Boasberg, on the bench since 2011, is known on the D.C. federal bench for his colorful, easily digestible prose. In a ruling in January, he referenced the TLC song “Waterfalls” in a dispute involving a U.S. Securities and Exchange Commission settlement with JPMorgan Chase & Co. McClatchy once called Boasberg “reliably readable.” The publication in another instance said Boasberg’s writing “demonstrates how a simple conversational style can welcome the reader.”

Boasberg’s certainly not the first federal judge to call out a party for excessive footnoting. U.S. District Judge Beth Labson Freeman for the Northern District of California in 2015 struck a filing from plaintiffs lawyers at Hagens Berman Sobol Shapiro who filed a 25-page brief loaded with 76 footnotes.

“Every page of the opposition contains at least two—and, on one page, eight—footnotes,” Freeman wrote. She ordered the lawyers to file new papers sans footnotes.

What about the U.S. Supreme Court? Justice Stephen Breyer eschews footnotes in his opinions—the only justice on the current U.S. Supreme Court to take such a position.

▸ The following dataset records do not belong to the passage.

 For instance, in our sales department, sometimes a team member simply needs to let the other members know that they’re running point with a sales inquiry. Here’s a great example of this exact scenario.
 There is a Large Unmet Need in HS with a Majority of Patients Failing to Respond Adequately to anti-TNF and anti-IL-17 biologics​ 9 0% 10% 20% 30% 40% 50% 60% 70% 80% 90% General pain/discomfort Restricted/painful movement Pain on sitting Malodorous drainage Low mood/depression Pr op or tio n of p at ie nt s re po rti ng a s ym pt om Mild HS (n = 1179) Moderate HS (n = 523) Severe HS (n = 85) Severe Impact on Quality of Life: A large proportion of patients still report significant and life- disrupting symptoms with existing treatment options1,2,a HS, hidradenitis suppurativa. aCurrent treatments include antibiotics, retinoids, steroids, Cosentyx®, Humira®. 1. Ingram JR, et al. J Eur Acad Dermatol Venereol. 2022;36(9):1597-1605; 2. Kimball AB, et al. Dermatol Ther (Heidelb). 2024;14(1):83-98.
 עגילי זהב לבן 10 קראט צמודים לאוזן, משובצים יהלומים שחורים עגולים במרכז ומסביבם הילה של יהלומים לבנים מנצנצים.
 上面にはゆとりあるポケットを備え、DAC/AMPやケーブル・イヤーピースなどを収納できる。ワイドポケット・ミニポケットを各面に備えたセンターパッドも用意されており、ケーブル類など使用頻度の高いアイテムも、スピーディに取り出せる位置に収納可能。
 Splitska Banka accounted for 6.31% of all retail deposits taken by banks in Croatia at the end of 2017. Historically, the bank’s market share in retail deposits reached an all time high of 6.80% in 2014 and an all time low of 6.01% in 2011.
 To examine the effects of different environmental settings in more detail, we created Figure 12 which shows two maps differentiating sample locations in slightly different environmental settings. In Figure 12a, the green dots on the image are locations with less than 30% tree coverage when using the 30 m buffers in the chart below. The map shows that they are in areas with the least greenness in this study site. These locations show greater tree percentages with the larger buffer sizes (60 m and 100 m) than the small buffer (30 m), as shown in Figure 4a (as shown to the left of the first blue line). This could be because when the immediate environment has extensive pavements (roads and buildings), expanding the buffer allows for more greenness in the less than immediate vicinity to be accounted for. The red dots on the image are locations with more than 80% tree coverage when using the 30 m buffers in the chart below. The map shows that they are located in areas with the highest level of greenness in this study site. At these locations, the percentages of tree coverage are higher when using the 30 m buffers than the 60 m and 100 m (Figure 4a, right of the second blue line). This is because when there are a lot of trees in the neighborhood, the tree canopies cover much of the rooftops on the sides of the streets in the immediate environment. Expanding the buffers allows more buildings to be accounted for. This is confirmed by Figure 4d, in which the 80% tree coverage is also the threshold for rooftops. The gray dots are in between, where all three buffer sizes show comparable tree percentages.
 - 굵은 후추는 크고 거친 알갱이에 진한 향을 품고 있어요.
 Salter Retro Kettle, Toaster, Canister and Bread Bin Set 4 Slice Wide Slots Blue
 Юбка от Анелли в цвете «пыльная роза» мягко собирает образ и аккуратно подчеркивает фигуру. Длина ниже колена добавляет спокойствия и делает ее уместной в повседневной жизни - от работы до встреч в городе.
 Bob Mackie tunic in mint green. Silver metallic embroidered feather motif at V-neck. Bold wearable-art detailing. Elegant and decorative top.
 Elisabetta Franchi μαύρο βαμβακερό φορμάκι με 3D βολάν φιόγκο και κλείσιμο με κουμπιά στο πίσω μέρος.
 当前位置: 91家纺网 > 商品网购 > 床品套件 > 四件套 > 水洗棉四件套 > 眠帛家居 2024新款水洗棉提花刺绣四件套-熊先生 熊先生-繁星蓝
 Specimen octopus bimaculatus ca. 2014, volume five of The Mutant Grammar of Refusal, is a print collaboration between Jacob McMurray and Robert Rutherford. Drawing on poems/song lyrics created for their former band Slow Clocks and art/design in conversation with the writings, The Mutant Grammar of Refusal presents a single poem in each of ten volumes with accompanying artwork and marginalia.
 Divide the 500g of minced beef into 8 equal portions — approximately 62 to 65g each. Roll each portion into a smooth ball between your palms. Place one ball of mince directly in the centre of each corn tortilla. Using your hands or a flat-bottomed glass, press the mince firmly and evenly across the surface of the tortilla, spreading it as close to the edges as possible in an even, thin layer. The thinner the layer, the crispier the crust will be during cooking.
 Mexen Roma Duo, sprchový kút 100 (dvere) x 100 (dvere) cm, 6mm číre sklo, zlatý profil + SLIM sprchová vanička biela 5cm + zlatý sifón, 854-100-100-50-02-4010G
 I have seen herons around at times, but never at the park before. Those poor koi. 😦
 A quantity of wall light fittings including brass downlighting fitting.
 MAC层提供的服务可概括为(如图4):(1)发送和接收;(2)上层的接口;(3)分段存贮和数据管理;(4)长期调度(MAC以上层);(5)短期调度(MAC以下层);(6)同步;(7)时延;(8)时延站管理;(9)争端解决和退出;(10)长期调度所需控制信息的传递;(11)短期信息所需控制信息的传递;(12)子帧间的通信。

In a 1995 interview with the high court’s in-house newsletter, The Docket Sheet, he traced his footnote-less approach to advice from Justice Arthur Goldberg, when Breyer was appointed to the U.S. Court of Appeals for the First Circuit. Goldberg, for whom Breyer had clerked, told the new judge: Don’t use footnotes.

“And somewhere quite soon after becoming a judge I did stop using footnotes,” Breyer said. “Sometimes it’s awkward to use none at all, but if in fact you even use one, then you cannot make the point.” He added: “Either a point is sufficiently significant to make, in which case it should be in the text, or it is not, in which case, don’t make it.”

Indeed, the legal writing expert Bryan Garner has long encouraged lawyers and judges to refrain from “putting any discussion” in footnotes. On Twitter earlier this year, Garner wrote: “I detest footnotes! Isn’t that coming through? Nothing needed to be read should be put there.”

In the D.C. Circuit, the problem isn’t often footnotes but instead the overuse of uncommon acronyms. The court occasionally issues orders to parties either warning them to use acronyms sparingly, or even asking one party or another to refile a brief that spells out the name of the agency or the federal statute.